Şimdi giriyoruz 2000'li yıllara. 2000'li yıllara
girerken Türkiye'nin potansiyeline ve gücüne
bakalım:
1)
Türkiye' de sanayi kesiminde önemli bir kapasite
mevcut. Bu kapasite iç talebi karşılamanın ötesinde
dış pazara dönük bir kapasite.
2) Başlangıçta Türk üreticisi, devletin zorlaması ile
ihracat yapardı. Bugün Türk müteşebbisi ihracat
pazarını, zengin ve büyüyen bir pazar olarak görüp,
ihracat pazarına dönük yatırım yapıyor. Bir çok
tesis dünya kalitesinde dünya fiyatı ile üretim
yapacak güçte kurulmuş tesis.
3) Türk müteşebbisi, artık ezbere yatırım ve üretim
yapmıyor. Dünyadaki en ileri teknolojiyi bulup,
ülkeye getirme imkanına sahip. Türk müteşebbisi
sadece yatırım ve üretimde beceri sahibi olmadı.
Dış pazar bulmada, dış pazara satmada da başarılı
oldu.
4) Türkiye'de özel sektörün yatırım, üretim ve ihracat
faaliyetlerini destekleyecek alt yapı büyük ölçüde
tamamlandı. Müesseseleşme bakımından da bu
böyledir. Finans kuruluşları, bankacılık sistemi,
leasing, factoring gibi hizmet kuruluşları, sigorta
sistemi, borsa ile sistem bütünleşti.
5) Türk sanayii bugün kendi ayakları üzerinde
durabiliyor.

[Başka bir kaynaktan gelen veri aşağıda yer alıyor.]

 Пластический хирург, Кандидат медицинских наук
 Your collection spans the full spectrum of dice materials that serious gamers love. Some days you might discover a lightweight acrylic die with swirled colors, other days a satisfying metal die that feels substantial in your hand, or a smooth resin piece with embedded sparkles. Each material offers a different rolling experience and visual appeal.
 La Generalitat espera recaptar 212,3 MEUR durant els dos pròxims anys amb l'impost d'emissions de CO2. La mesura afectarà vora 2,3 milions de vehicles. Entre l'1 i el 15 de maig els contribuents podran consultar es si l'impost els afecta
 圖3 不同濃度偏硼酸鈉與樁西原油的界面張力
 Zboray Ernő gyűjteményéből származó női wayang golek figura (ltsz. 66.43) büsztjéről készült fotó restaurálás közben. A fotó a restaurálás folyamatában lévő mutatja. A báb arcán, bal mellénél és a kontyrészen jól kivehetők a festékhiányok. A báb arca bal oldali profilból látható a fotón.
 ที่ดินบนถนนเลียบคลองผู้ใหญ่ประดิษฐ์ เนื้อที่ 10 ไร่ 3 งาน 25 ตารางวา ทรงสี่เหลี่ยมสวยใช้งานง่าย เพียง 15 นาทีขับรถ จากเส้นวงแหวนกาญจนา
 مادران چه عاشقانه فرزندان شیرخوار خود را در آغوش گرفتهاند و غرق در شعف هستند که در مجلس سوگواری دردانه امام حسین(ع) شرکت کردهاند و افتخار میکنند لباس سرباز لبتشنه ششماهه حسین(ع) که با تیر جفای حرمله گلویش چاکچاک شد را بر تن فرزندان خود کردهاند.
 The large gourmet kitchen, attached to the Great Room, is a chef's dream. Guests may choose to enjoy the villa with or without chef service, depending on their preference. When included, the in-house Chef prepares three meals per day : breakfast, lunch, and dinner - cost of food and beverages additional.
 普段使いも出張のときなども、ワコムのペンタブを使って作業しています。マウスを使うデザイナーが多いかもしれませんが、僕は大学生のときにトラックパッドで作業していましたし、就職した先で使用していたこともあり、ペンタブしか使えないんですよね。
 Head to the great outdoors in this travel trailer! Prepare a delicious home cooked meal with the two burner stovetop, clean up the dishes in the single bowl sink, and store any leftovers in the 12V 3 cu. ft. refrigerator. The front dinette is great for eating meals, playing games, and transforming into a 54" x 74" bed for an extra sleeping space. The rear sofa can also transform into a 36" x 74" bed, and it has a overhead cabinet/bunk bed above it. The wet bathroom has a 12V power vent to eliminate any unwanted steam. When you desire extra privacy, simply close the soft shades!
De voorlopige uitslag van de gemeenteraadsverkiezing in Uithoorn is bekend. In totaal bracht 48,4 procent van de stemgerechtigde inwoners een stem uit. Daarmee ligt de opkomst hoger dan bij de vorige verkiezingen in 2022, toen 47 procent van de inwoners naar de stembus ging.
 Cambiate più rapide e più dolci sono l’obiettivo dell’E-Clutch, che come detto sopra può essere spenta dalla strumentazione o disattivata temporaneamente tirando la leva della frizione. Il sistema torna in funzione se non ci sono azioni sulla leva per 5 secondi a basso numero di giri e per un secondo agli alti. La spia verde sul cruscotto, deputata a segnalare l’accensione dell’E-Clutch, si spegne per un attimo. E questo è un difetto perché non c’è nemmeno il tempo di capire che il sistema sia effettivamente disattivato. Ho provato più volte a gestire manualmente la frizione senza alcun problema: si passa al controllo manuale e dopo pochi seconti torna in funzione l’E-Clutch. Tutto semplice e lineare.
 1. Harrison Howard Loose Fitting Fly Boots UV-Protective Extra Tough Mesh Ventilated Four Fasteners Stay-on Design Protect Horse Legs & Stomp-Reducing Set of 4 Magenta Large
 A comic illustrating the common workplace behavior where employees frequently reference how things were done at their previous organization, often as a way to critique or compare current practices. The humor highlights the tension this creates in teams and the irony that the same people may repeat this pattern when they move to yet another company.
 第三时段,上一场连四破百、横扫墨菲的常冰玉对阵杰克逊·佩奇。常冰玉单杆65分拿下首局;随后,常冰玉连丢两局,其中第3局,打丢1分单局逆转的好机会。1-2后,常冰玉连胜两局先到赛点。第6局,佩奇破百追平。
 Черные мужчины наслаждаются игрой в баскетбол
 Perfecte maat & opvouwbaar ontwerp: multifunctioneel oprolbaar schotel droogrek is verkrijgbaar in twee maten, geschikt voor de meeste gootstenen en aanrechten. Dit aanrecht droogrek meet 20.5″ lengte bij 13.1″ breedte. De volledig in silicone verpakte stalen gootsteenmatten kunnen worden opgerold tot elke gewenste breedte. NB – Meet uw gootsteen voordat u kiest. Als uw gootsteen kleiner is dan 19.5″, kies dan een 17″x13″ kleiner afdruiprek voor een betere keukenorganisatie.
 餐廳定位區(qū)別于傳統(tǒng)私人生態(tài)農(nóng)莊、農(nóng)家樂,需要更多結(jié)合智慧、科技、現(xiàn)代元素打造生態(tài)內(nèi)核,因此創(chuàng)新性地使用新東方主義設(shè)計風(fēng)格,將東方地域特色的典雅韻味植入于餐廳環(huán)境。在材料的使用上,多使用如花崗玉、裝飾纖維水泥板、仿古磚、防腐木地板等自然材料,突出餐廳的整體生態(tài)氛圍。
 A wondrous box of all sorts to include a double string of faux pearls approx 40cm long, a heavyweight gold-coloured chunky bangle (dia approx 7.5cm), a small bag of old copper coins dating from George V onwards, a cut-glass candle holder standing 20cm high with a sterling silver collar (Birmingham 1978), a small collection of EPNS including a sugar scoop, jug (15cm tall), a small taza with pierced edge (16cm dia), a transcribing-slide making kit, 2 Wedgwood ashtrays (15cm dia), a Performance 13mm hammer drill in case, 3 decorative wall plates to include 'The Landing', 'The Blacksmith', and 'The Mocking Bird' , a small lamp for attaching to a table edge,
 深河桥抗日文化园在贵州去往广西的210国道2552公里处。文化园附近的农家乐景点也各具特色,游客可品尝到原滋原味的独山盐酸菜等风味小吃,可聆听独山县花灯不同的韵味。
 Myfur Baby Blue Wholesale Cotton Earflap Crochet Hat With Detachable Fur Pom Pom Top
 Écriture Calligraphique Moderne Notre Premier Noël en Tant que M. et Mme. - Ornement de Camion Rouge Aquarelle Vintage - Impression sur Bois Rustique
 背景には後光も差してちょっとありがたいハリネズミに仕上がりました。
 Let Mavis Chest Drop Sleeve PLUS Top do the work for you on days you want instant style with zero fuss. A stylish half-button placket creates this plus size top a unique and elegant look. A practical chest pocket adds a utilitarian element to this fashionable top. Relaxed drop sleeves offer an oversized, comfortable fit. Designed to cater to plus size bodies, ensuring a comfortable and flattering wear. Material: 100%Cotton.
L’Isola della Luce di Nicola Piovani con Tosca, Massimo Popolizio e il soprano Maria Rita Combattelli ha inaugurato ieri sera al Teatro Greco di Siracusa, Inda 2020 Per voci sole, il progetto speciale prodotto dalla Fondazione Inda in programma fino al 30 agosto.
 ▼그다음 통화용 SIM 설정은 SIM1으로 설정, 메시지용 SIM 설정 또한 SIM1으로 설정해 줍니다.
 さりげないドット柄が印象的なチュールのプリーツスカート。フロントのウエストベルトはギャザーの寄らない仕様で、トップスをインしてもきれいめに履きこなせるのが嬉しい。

Devletin desteği olmayan, devletin
teşvik desteği vermediği zaman bile, varlığını
sürdürebiliyor.
6)
Anadolu'dan "müteşebbis kaynıyor". Bu
müteşebbislerin küçük ve orta boy teşebbüsleri ileri
teknolojide, dünya fiyatı ile dış pazar için
yatırımı ve Üretimi sürdürüyor. Anadolu'dan kaynayan
müteşebbise bu ülke dar geliyor. Asya içerlerine,
Rusya içerlerine, Avrupa içerlerine gidip oralarda
iş açıyorlar.
Bunları görmeden, bu potansiyeli bu gücü tespit
etmeden dünya ve Ülke konjonktürünün etkisinde
ortaya çıkan zorlukları tartışırsak yanlış yapmış
oluruz. gücü ve potansiyeli bilelim ki, bunun ile
sorunları çözüp çözemeyeceğimizi sağlıklı bir
biçimde tartışabilelim.
Türk ekonomisinin gücüne ve potansiyeline karşılık
bazı yapısal sorunlar var. Bunları konjonktürsel
sorunlardan ayırmak gerekir
1) Yatırımlarda ve üretimde büyümeyi sürdürebilmek
için batı pazarlarına muhtacız. Batı pazarına
sınırsız girme şansımız olmalı. Bu işe Avrupa
Birliği hareketine katılmamızı zorunlu kılıyor.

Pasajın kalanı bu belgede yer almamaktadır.